The Cloud

I was reading Marc Andreessen’s blog entry about The three kinds of platforms you meet on the Internet. and all his talk about sharing code and running that code on other systems and community and all that really got me thinking.

There have been many large distributed projects that have promoted the idea of sharing your CPU cycles. SETI@Home is of course the most well known, but others have followed in their footsteps. Some of these groups have met with success for their project, and their problem got solved, others were never able to obtain the necessary adoption rate. I have CPU cycles to share, but I’m not willing to goto the trouble of seeking out a project to contribute to and then downloading and installing their code so I can help solve their problem.
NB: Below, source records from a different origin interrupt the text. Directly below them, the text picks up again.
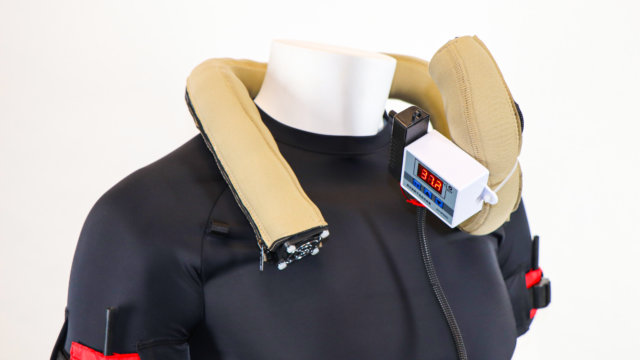 Есть два вида изделия — стационарное и переносное. Последнее представляет собой воротник, он подогревает воздух, который подается в область носа и рта, и человек его вдыхает.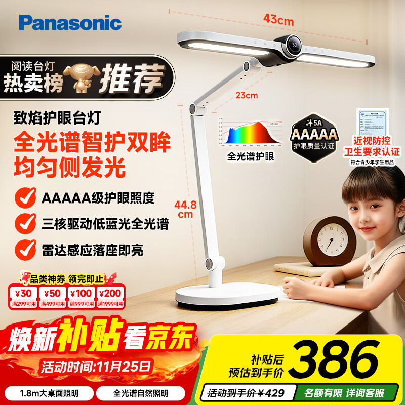 ËÉÏ£¨Panasonic£©Ì¨µÆ AAAAA¼¶Ì¨µÆÑ§ÉúѧϰÔĶÁÈ«¹âÆ×¼ÒÓû¤ÑŲ̂µÆÖÇÄܸÐÓ¦µÆÖÂÑæ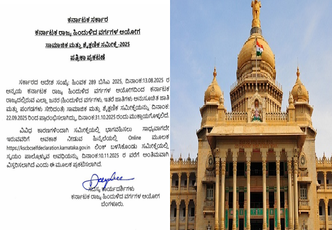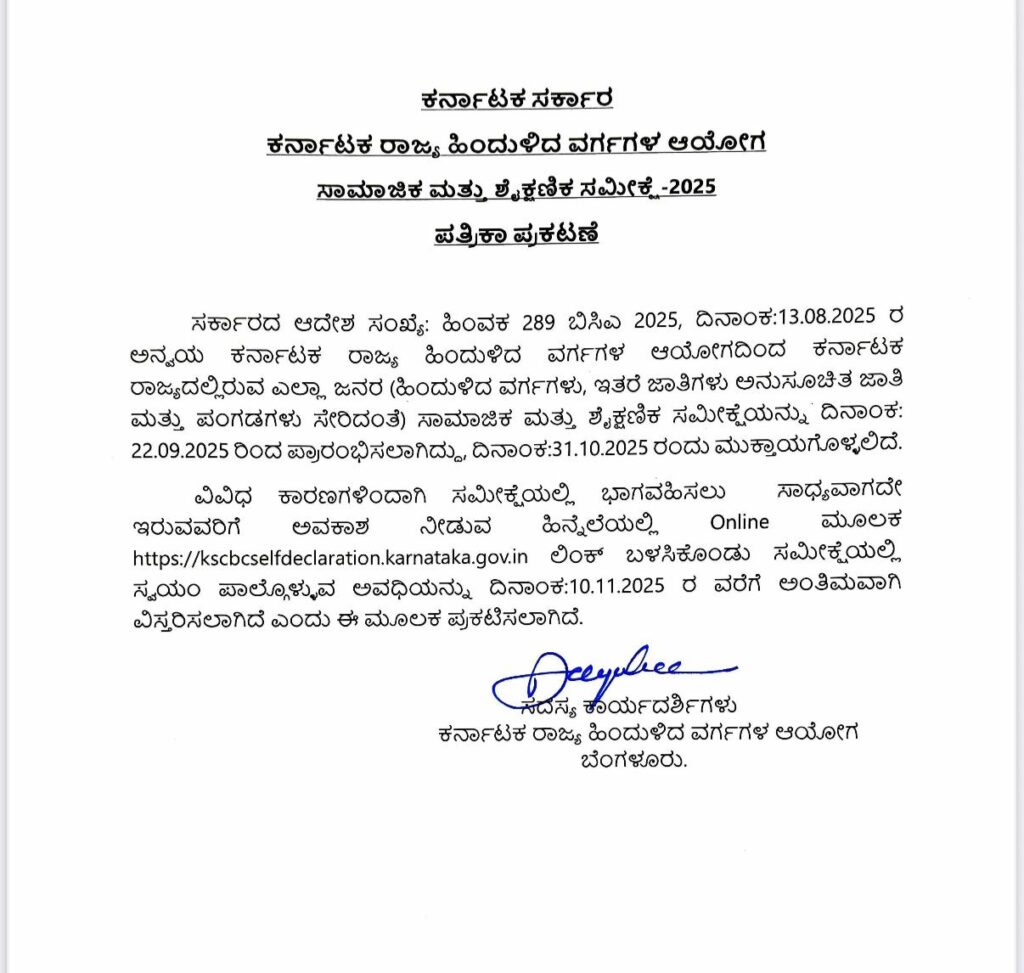 ವಿವಿಧ ಕಾರಣಗಳಿಂದಾಗಿ ಸಮೀಕ್ಷೆಯಲ್ಲಿ ಭಾಗವಹಿಸಲು ಸಾಧ್ಯವಾಗದೇ ಇರುವವರಿಗೆ ಅವಕಾಶ ನೀಡುವ ಹಿನ್ನೆಲೆಯಲ್ಲಿ https://kscbcselfdeclaration.karnataka.gov.in o wơ Online ಮೂಲಕ ಸ್ವಯಂ ಪಾಲ್ಗೊಳ್ಳುವ ಅವಧಿಯನ್ನು ದಿನಾಂಕ: 10.11.2025 ರ ವರೆಗೆ ಅಂತಿಮವಾಗಿ ವಿಸ್ತರಿಸಲಾಗಿದೆ ಎಂದು ಈ ಮೂಲಕ ಪ್ರಕಟಿಸಲಾಗಿದೆ.

What’s needed here is something more akin to Bittorrent, where each researcher in need of a distributed parallel processing machine can ssh into ‘the cloud’ and then program up their problem, and wait for the answer. Just as if they’d logged into one of the many (expensive) super-computing facilities available to professional researchers. Now I know that high-performance computing has suddenly had a sharp drop in price, but that’s not really enough, that is it’s not wide-spread, and it’s still difficult to achieve. I would be willing, and any researcher would probably be similarly inclined to donate cpu cycles to another cause. It’s just that we’re not gonna go out of our way to do so, unless we get something in return. I would gladly run a daemon on my system which accepted jobs for another researchers problem, and sent back results, if I could get the same type of treatment for my problems. This altruism is especially true if the daemon was a VM that supported multiple languages (or even a specialized distributed parallel language) that had a shell-like or ssh-style interface.

The more cycles I donate to others, the more the system as a whole would give back to me. This would be the bittorrent model for cpu sharing. Finding other nodes and distributing load could be done with many of the same algorithms that run TOR.